No pictures belong in the answer. Repeat all the entries exactly.
+===+
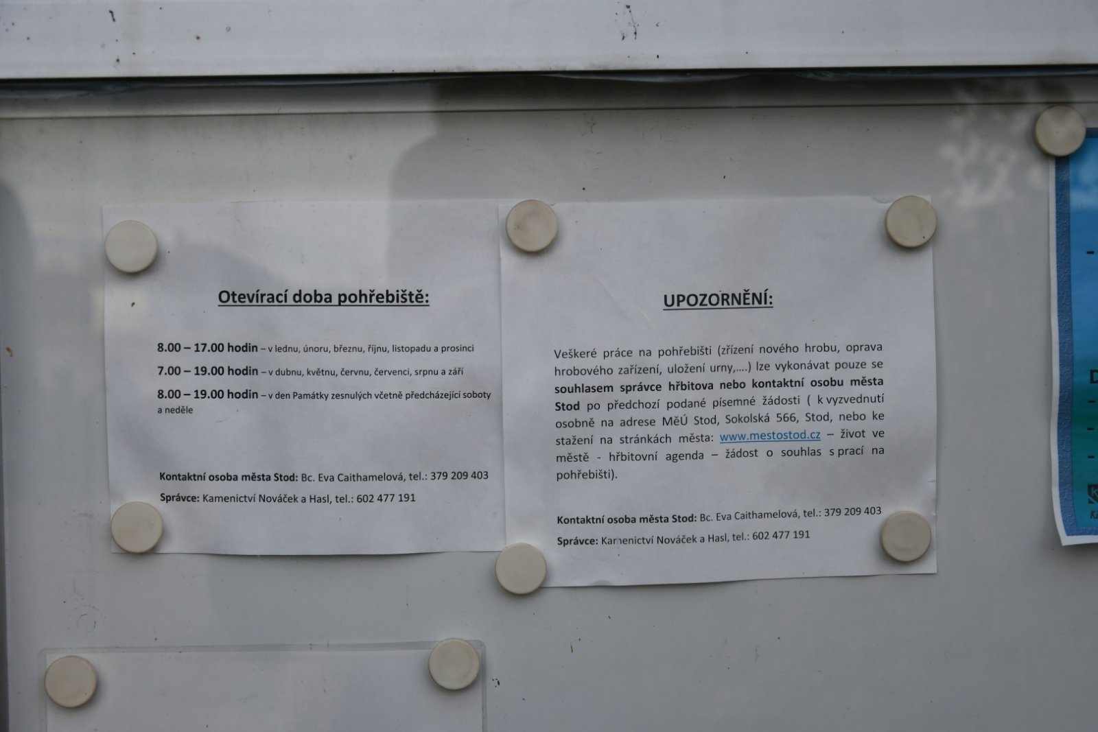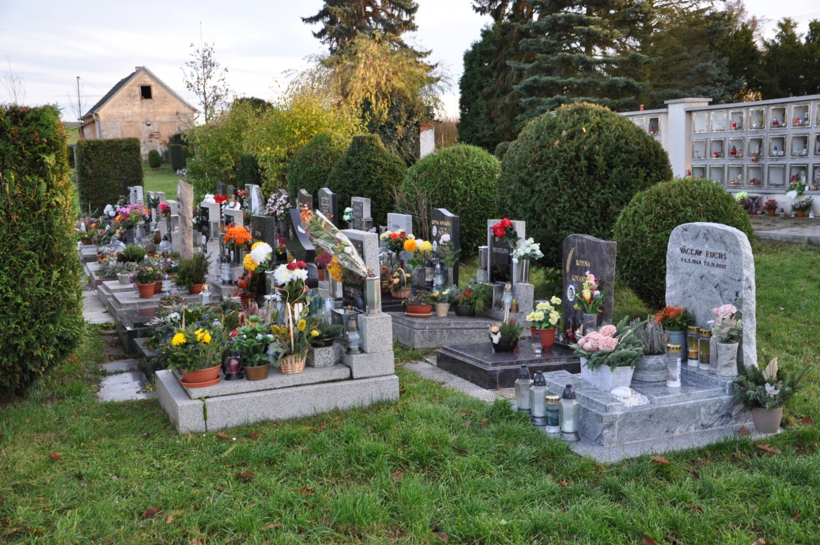 - Kontakt na správce hřbitova na místě
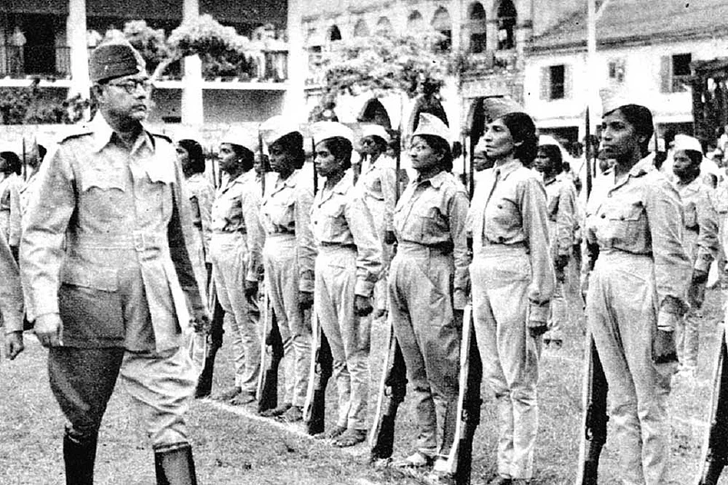 Netaji reviewing the Rani of Jhansi regiment in Singapore.
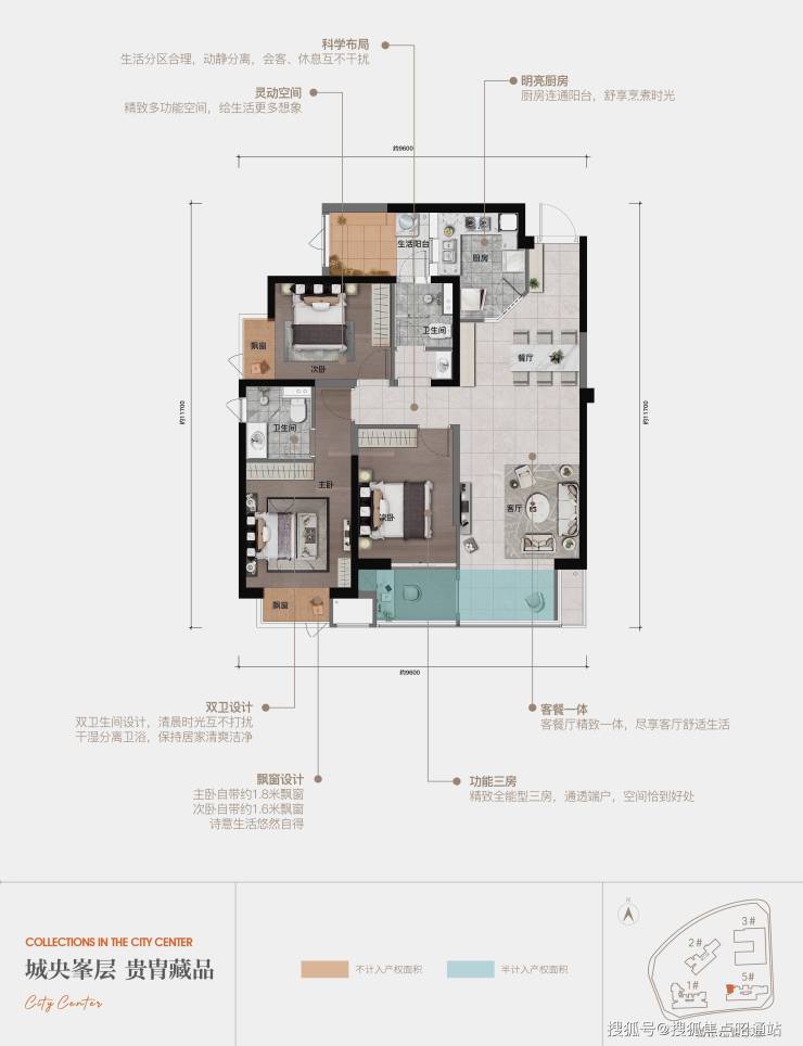 166户型品鉴(约123+43㎡):“4+S”室-两厅-双卫-双阳台,灵活成长型空间,全龄段“无限系”豪宅。阔尺空间,满足全家生活所需,幸福一步到位。
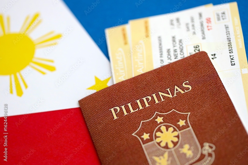 Philippines passport and boarding pass tickets on flag. The concept of travel and vacation
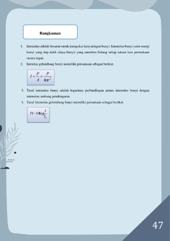 2. Intesitas gelombang bunyi memiliki persamaan sebagai berikut.
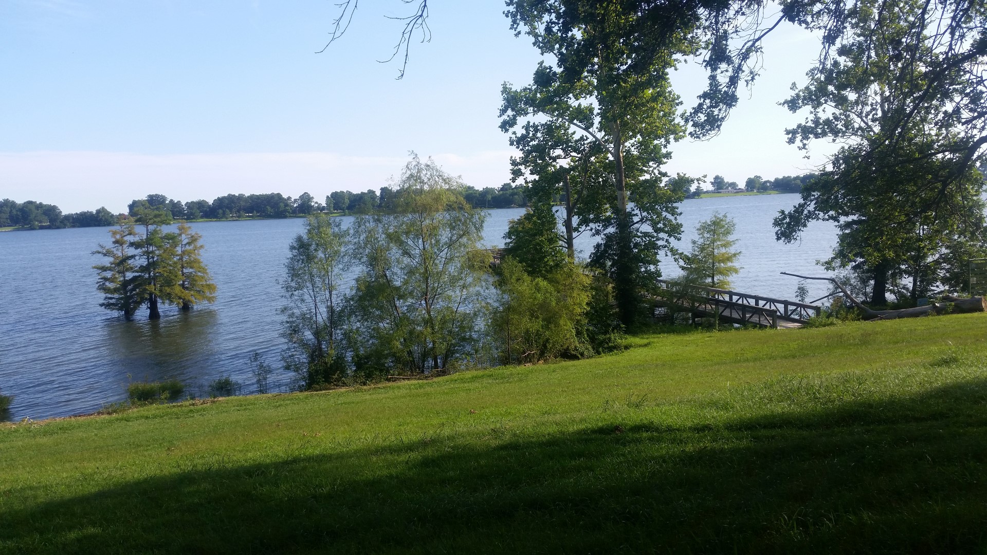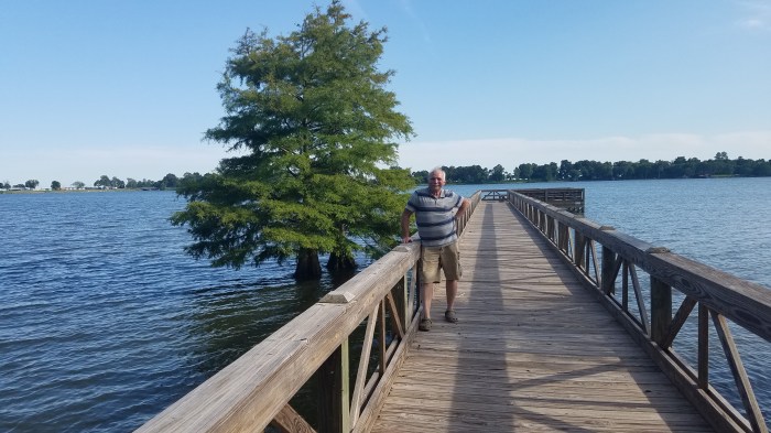 Roy drove 225 miles today. That would normally take 3.5 hours but we tend to stop a lot and look at things so as usual it took us 6 hours to get to Lake Village, Arkansas. We are staying just one night at Chicot County RV Park which is on Lake Chicot. Lots of green grass, oak trees and very quiet! We walked to the Lake and discovered a fishing pier there that we took a walk down. It’s a good distance down the hill to the pier and after walking back up that hill I realized I need to build up more stamina before tackling a lot of climbing and walking. Here are some photos of our time out on the lake.
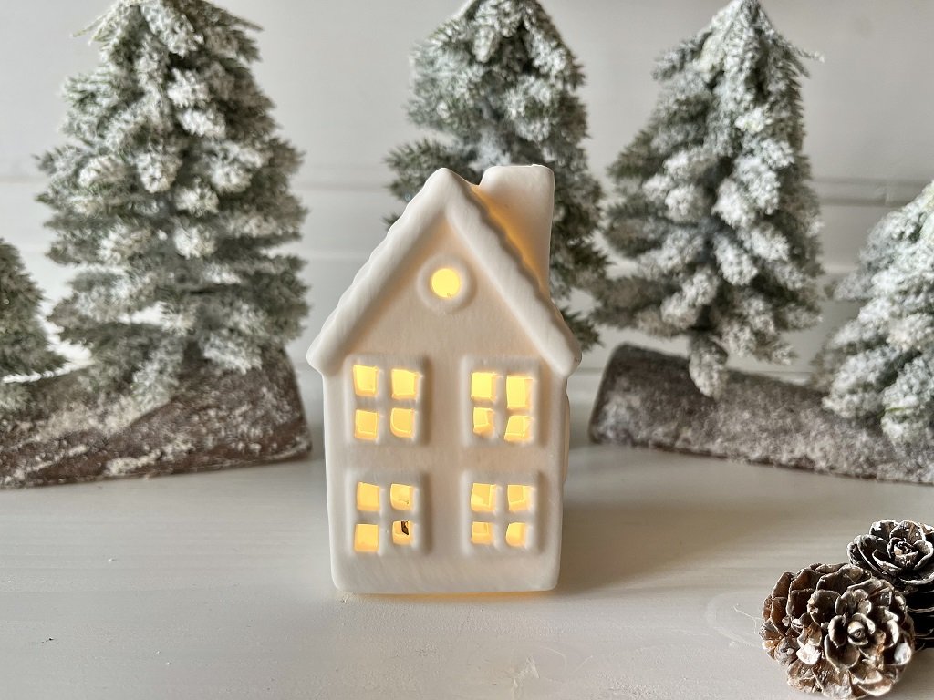 Malý keramický domeček s LED osvětlením v bílé barvě zútulní Váš domov za chladných podzimních a zimních večerů. Můžete ho využít při přípravě Vašich slavnostních aranžmá v kombinaci s jinými dekoracemi.
+===+
§ Exercise response:
 - Kontakt na správce hřbitova na místě
 Netaji reviewing the Rani of Jhansi regiment in Singapore.
 166户型品鉴(约123+43㎡):“4+S”室-两厅-双卫-双阳台,灵活成长型空间,全龄段“无限系”豪宅。阔尺空间,满足全家生活所需,幸福一步到位。
 Philippines passport and boarding pass tickets on flag. The concept of travel and vacation
 2. Intesitas gelombang bunyi memiliki persamaan sebagai berikut.
 Roy drove 225 miles today. That would normally take 3.5 hours but we tend to stop a lot and look at things so as usual it took us 6 hours to get to Lake Village, Arkansas. We are staying just one night at Chicot County RV Park which is on Lake Chicot. Lots of green grass, oak trees and very quiet! We walked to the Lake and discovered a fishing pier there that we took a walk down. It’s a good distance down the hill to the pier and after walking back up that hill I realized I need to build up more stamina before tackling a lot of climbing and walking. Here are some photos of our time out on the lake.
 Malý keramický domeček s LED osvětlením v bílé barvě zútulní Váš domov za chladných podzimních a zimních večerů. Můžete ho využít při přípravě Vašich slavnostních aranžmá v kombinaci s jinými dekoracemi.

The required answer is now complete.